::: Listed records

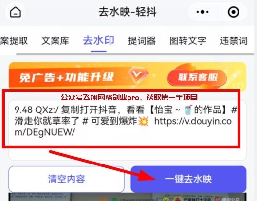 然后去微信搜索:轻抖小程序,点去水印,把链接粘贴进去,导出就可以了
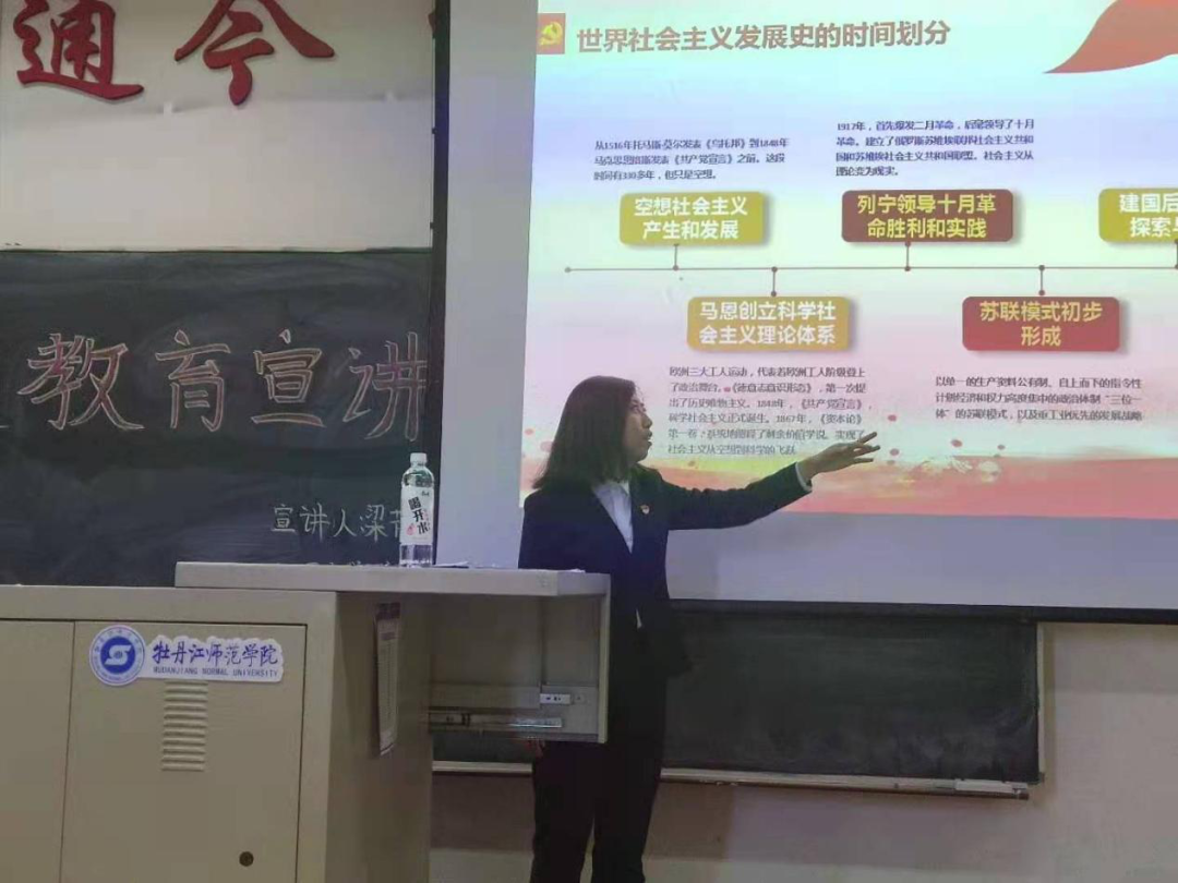 梁蓓依据我国社会性质以及我国农业发展历程所取得的成绩来进行党史教育宣讲。从1516年的空想社会主义到1848年科学社会主义再到1917年俄国社会主义历经百年,建国后我党经过不断的探索与实践进行改革开放。从最初的解决人民温饱问题到如今全面实现小康社会,这些都离不开党的努力。我国是闻名的农业大国,在1973年袁隆平院士研制出杂交水稻,就解决了我国人民的温饱问题,他曾说:要把中国人的饭碗牢牢握在自己手中。如今我们做到了,更是离不开党的领导。
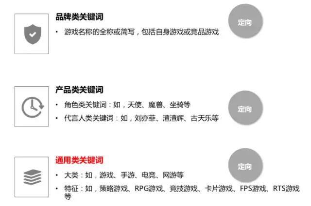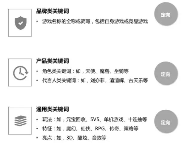 在产品关键词中,广告主可以对某指定关键词的广告标题的点击或转化人群定向投放,进一步细化投放目标。如广告主可直接定位曾在头条平台上搜索过自身游戏全称或简写的人群。
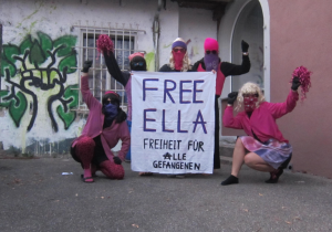 Im Juni 2021 wurde Ella wegen „gefährlicher Körperverletzung“, „Widerstand“ und „tätlichem Angriff in erster Instanz zu 2 Jahren und drei Monaten Haft verurteilt. Mit dem Urteil sollte ein abschreckendes Exempel statuiert werden, um die gesamte Klimabewegung einzuschüchtern. Daher gilt es umso mehr solidarisch zu sein: mit Briefen und Postkarten an Ella, bei den regelmäßigen Kundgebungen vor der JVA und anderswo und bei der Begleitung des weiteren Verfahren ab Januar 2022.
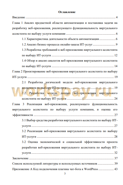 Первая глава посвящена анализу предметной области автоматизации и постановке задачи на разработку веб-приложения, реализующего функциональность виртуального ассистента по выбору услуги компании. Вторая глава посвящена проектированию веб-приложения. В третьей главе описан процесс реализации и оценки эффективности предлагаемых проектных решений.
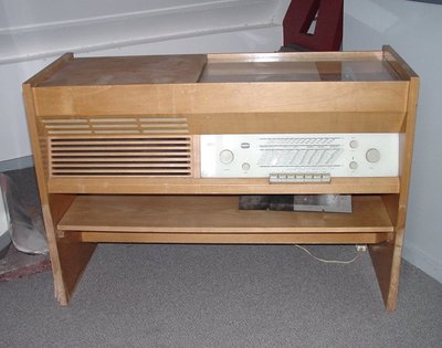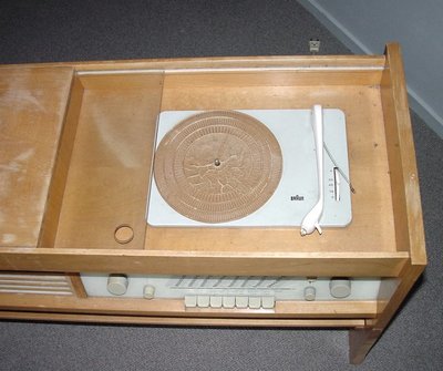 Dit prachtige meubel staat bij mij achteloos op zolder: de radio/grammofoonspeler van Braun uit 1956. In het midden van de vorige eeuw werden ook mijn ouders aangestoken door de golf van moderniteit die over het land sloeg. De zware meubelen - huiskamertafels en dressoirs met balpoten - werden rigoureus uit onze huiskamer verwijderd en vervangen door Pastoe-meubilair - een antracietkleurig tafelblad met stalen poten en met rood plastic beklede stoeltjes - tapijten werden cocosmatten - zwart met gele motieven - en alle deuren werden strak getrokken door ze met platen te betimmeren. Als klap op de vuurpijl kochten mijn ouders dit pronkstuk. Het toppunt van ?modern?. Het zou in menig interieur van nu niet misstaan.

::::::

* [Exercise objective]
Go from the first line of the data above to the line containing "在产品关键词中,广告主可以对" and retype exactly those lines, both included, but none of the pictures.

* [Exercise answer]
 然后去微信搜索:轻抖小程序,点去水印,把链接粘贴进去,导出就可以了
 梁蓓依据我国社会性质以及我国农业发展历程所取得的成绩来进行党史教育宣讲。从1516年的空想社会主义到1848年科学社会主义再到1917年俄国社会主义历经百年,建国后我党经过不断的探索与实践进行改革开放。从最初的解决人民温饱问题到如今全面实现小康社会,这些都离不开党的努力。我国是闻名的农业大国,在1973年袁隆平院士研制出杂交水稻,就解决了我国人民的温饱问题,他曾说:要把中国人的饭碗牢牢握在自己手中。如今我们做到了,更是离不开党的领导。
 在产品关键词中,广告主可以对某指定关键词的广告标题的点击或转化人群定向投放,进一步细化投放目标。如广告主可直接定位曾在头条平台上搜索过自身游戏全称或简写的人群。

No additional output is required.